I recently sat in on a departmental staff meeting at a high school. I was there to talk with the assembled group of teachers about the use of the web in their teaching and how best to prepare themselves, in order to more effectively use web 2.0 technologies and social networking with their students. At one point in the conversation, one of the teachers sighed and said, “I just don’t see what any of this has to do with teaching.”
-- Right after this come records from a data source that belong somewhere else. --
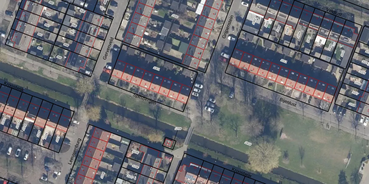 Het perceel waarop Spitsbergen 8 staat heeft een oppervlakte van 992 m². Dit is een groot perceel. De perceeloppervlakte wordt geregistreerd door het Kadaster. Gedetailleerde informatie over de maten van dit perceel kunt u vinden in het rapport Kadastrale kaart met maatvoering van Spitsbergen 8.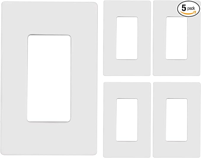 1-Gang Screwless Decorator Wall Plates, Child Safe Standard Size Outlet Cover, Unbreakable Polycarbonate Thermoplastic,Glossy White, 5 Pack,UL Listed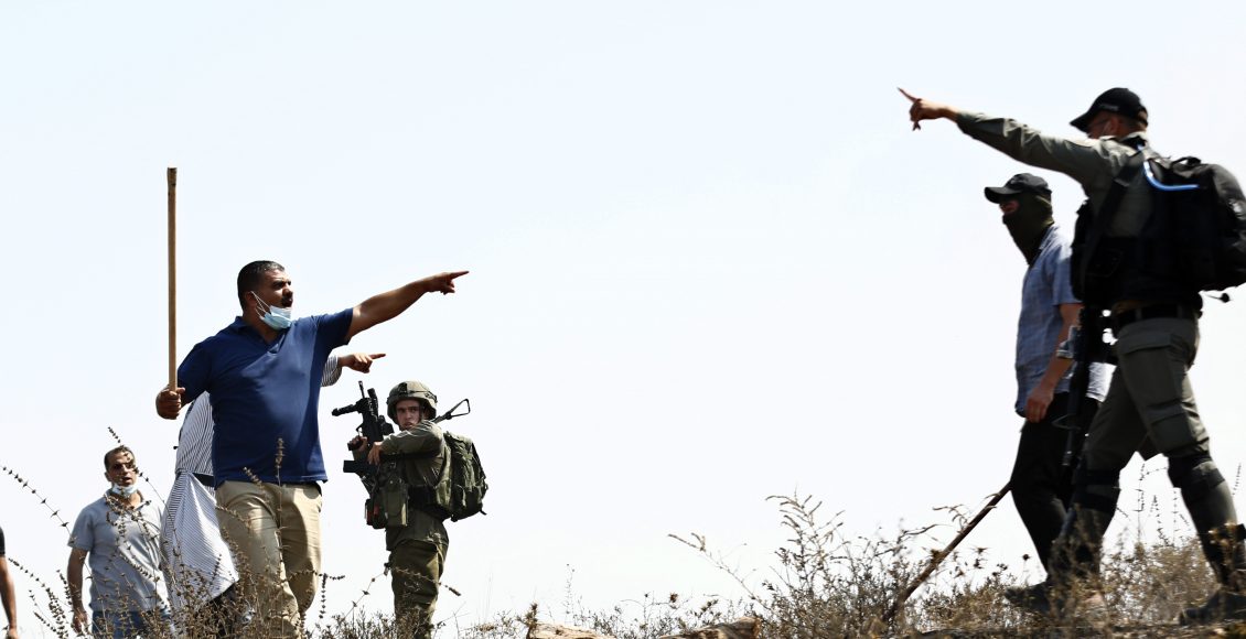 Member of Kisan village council, Nabil Ibayyat, said that five Zionist armed settlers, protected by soldiers, attacked shepherds and farmers with pepper spray causing burns to the face, and threw stones at homes.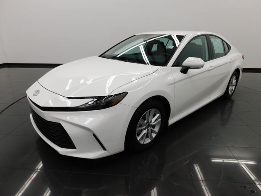 2025 Toyota Camry LE 2.5L 4-Cylinder 16V DOHC, Black w/Fabric Seat Trim, 6 Speakers, Active Cruise Control, Alloy wheels, AM/FM radio: SiriusXM, Apple CarPlay/Android Auto, Auto High-beam Headlights, Emergency communication system: Safety Connect (up to 10-year trial subscription), Exterior Parking Camera Rear, Front dual zone A/C, Fully automatic headlights, Heated door mirrors, Illuminated entry, Panic alarm, Radio: Toyota Audio Multimedia w/8" Touchscreen, Remote keyless entry, Security system, Steering wheel mounted audio controls, Wheels: 16" Silver-Finished Alloy.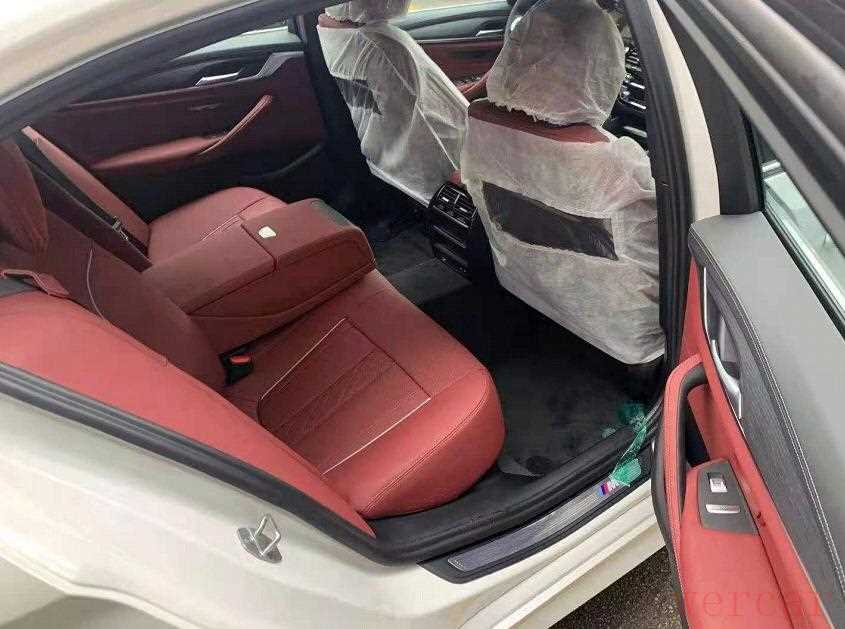 看完外观的设计,我们来看内饰,可能你会被宝马5系的内饰设计所折服。我们所拍摄的这款宝马5系绝对是一款“骚包”内饰,相信喜欢逛夜店的年轻朋友特别的喜欢吧?它采用的是大红色的内饰,非常的运动,也特别的有激情。中控台部分依然是我们熟悉的豪华宝马,内饰现代感以及豪华感都很不错。悬浮屏幕,,电子挡把,三幅真皮运动方向盘,都让我们都很熟悉。它的中央扶手采用的是对开式的设计,开口很大,而且纵深也足够,储物很不错。

My answer to her was it has everything to do with teaching. I thought my answer was pretty compelling but, maaan, I sure wish I’d read about Megan Moreno before I went to that meeting.
In 2008, Dr. Megan Moreno and her research group at the University of Washington (Dr. Moreno is now with the Department of Pediatrics at University of Wisconsin, Madison) conducted an interesting experiment with 18-20 year-olds and My Space profiles. Dr. Moreno had been studying “risky behaviors” among adolescents on social networking sites. That is, young people who post information about sexual activity, substance abuse, and violence. As we know, social networking sites, like Facebook, MySpace and many others, allow users to create personal “profiles”. The information placed there is accessible to anyone.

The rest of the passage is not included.